Analysis of molecular variance (AMOVA) accounting for main geographic regions (MGR), ethnic group (EG), and sampling location (SL) (P-value < 0.0000).
| Source of Variation | Percentage of variation | |||||
|---|---|---|---|---|---|---|
| Present study | Meta-analysis | |||||
| MGR | EG | SL | MGR | EG | SL | |
| Among groups | 0 | 0.57 | 1.61 | 0 | 1.28 | 1.31 |
| Among population within groups | 0.31 | 0.03 | 0.31 | 0.41 | 0.2 | 0.31 |
| Within populations | 99.69 | 99.41 | 98.08 | 99.59 | 98.52 | 98.37 |
Figure 4PCA of Vietnamese populations analyzed in the present article versus other Asian populations (A) and versus SEA/Southern China populations (B). Haplogroup frequencies from the reference populations were taken from Zhang et al.[16]. Note that there are two Vietnam_Kinh samples in the plot, one represents our sample from Kinh and another one that was taken from the literature.
Maternal gene flow between the main linguistic families within Vietnam, and between Vietnam neighboring countries.
| Model | lmL | LBF | Probability |
|---|---|---|---|
| Linguistic groups | |||
| Full | −4003.198 | −168.8531 | 0.000 |
| Panmictic | −4087.624 | 0.000000 | 1.000 |
| Vietnam vs Laos | |||
| Full | −2725.178 | −16.93701 | 0.000 |
| Panmictic | −2716.710 | 0.00000 | 1.000 |
| Laos to Vietnam | −2726.531 | −19.64204 | 0.000 |
| Vietnam to Laos | −2763.987 | −94.55403 | 0.000 |
| Vietnam vs Cambodia | |||
| Full | −2332.827 | −5.512706 | 0.004 |
| Panmictic | −2358.694 | −57.246388 | 0.000 |
| Cambodia to Vietnam | −2333.580 | −7.018030 | 0.001 |
| Vietnam to Cambodia | −2330.071 | 0.000000 | 0.995 |
Figure 5Analysis carried out on autosomal SNPs. (A) MDS of population samples from the Indochinese Peninsula and neighboring samples.

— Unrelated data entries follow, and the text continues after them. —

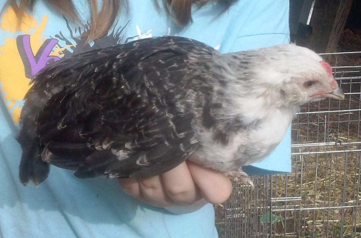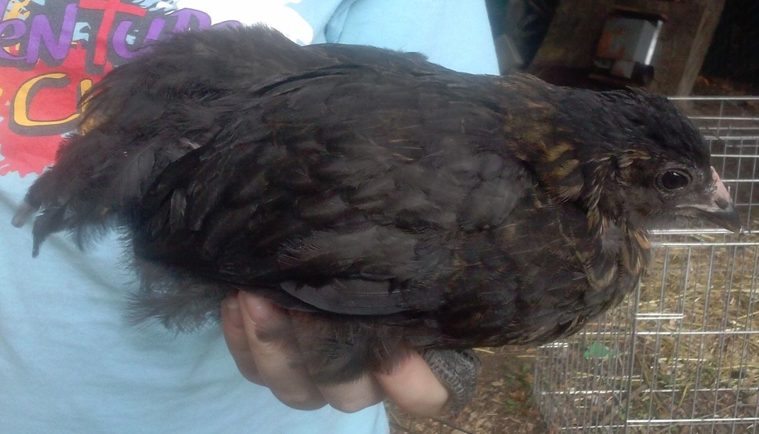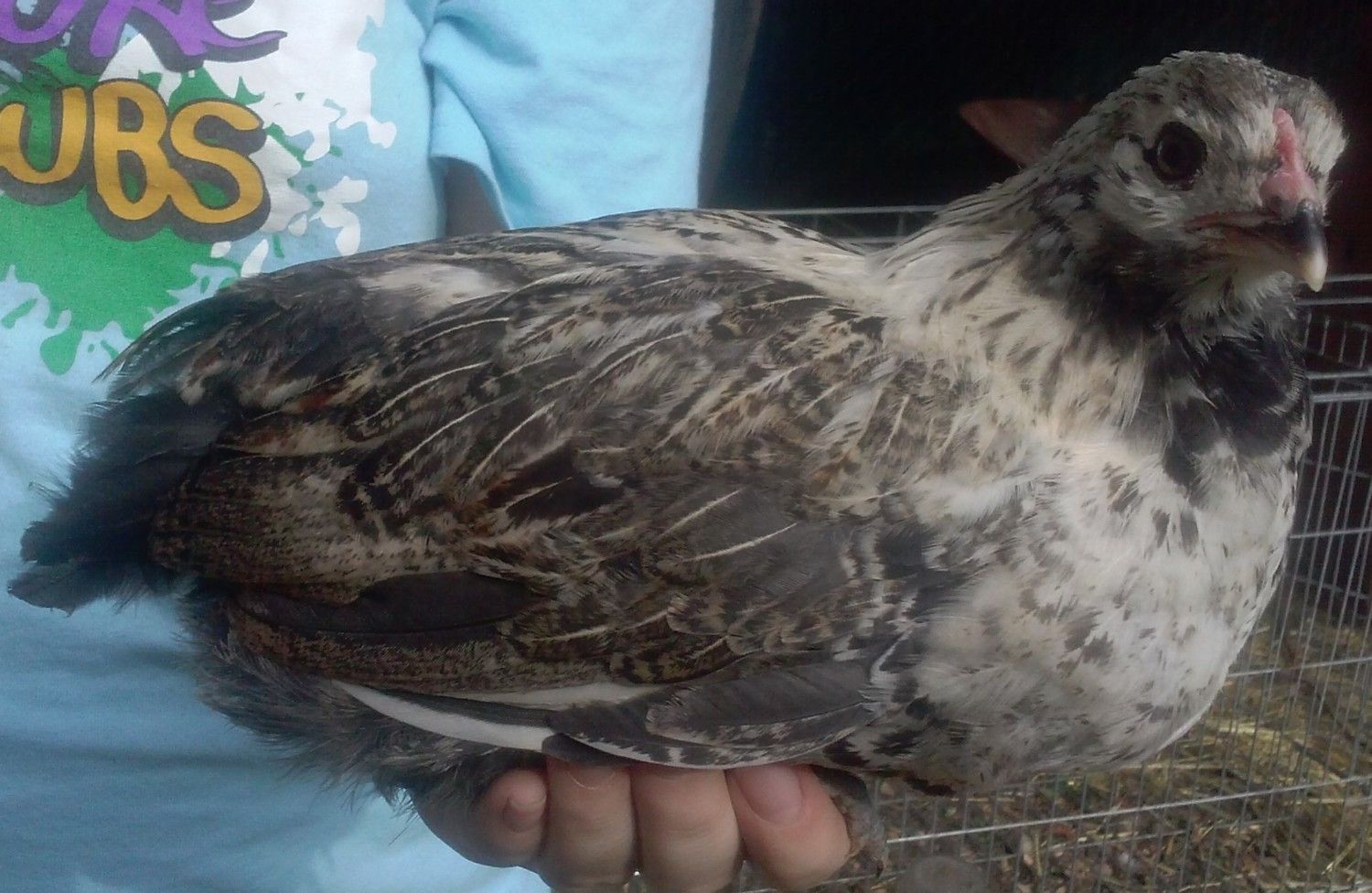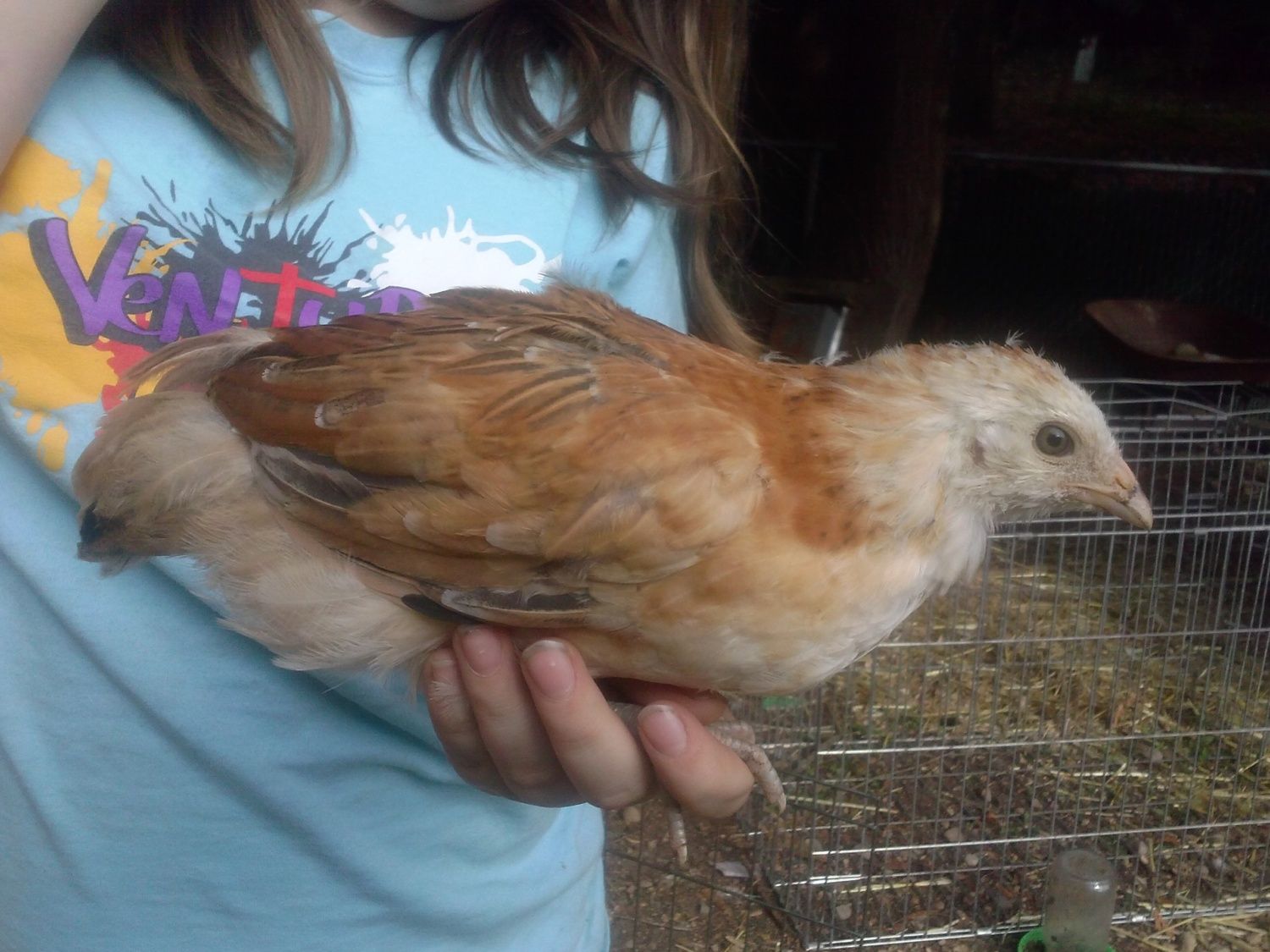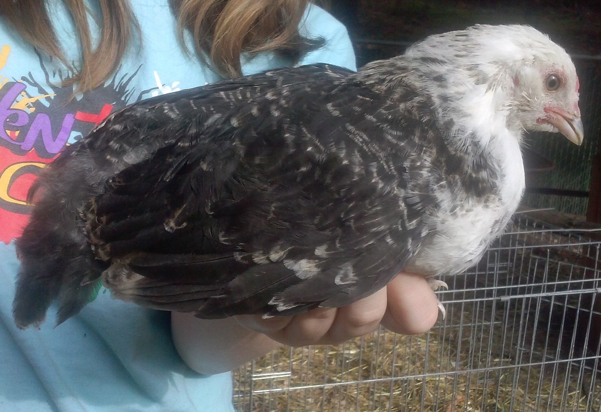 I know it isn't a great photo but Bea started growing this tail. Age 13 weeks. Is she a he? Comb is still pink and very little waddle developement.
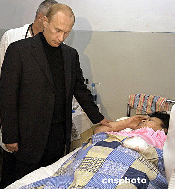 9月4日,俄羅斯總統(tǒng)普京在飛抵北奧塞梯共和國別斯蘭市后安慰一名在人質事件中受傷的婦女。
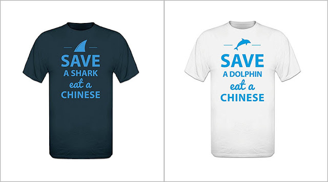 Trong số các sản phẩm áo thun in chữ của nhà bán lẻ Spreadshirt có những chiếc áo in các khẩu hiệu như “Cứu một con chó, xơi thịt một người Trung Quốc”, “Cứu một con cá mập, ăn thịt một người Trung Quốc” cũng như hình ảnh các ký tự tiếng Hoa được xếp tượng trưng tư thế giao hợp của con người kèm dòng chữ chú thích bằng Anh ngữ rằng “Giờ tôi đã hiểu tiếng Trung.”

Both plots were built using the same sample sets, but the one to the right aims at highlighting the center of each population sample points in order to easy interpretation (B) Admixture analysis including reference samples from Europe (CEU) and Africa (YRI). (C) Analysis of f3-statistics of Vietnamese (KHV) versus different neighboring population samples. (D) D-statistics of Vietnamese built as follows D(CHS, KHV; Y, OUTGROUP) and D(Y, KHV; CHS OUTGROUP). (E) Estimates of admixture between Chinese and Malay, using the samples CHS and Malay as subrogates of those that contributed to the present genomic architecture of present-day Vietnamese. Estimates were statistically significant according to the ad hoc z test from ALDER.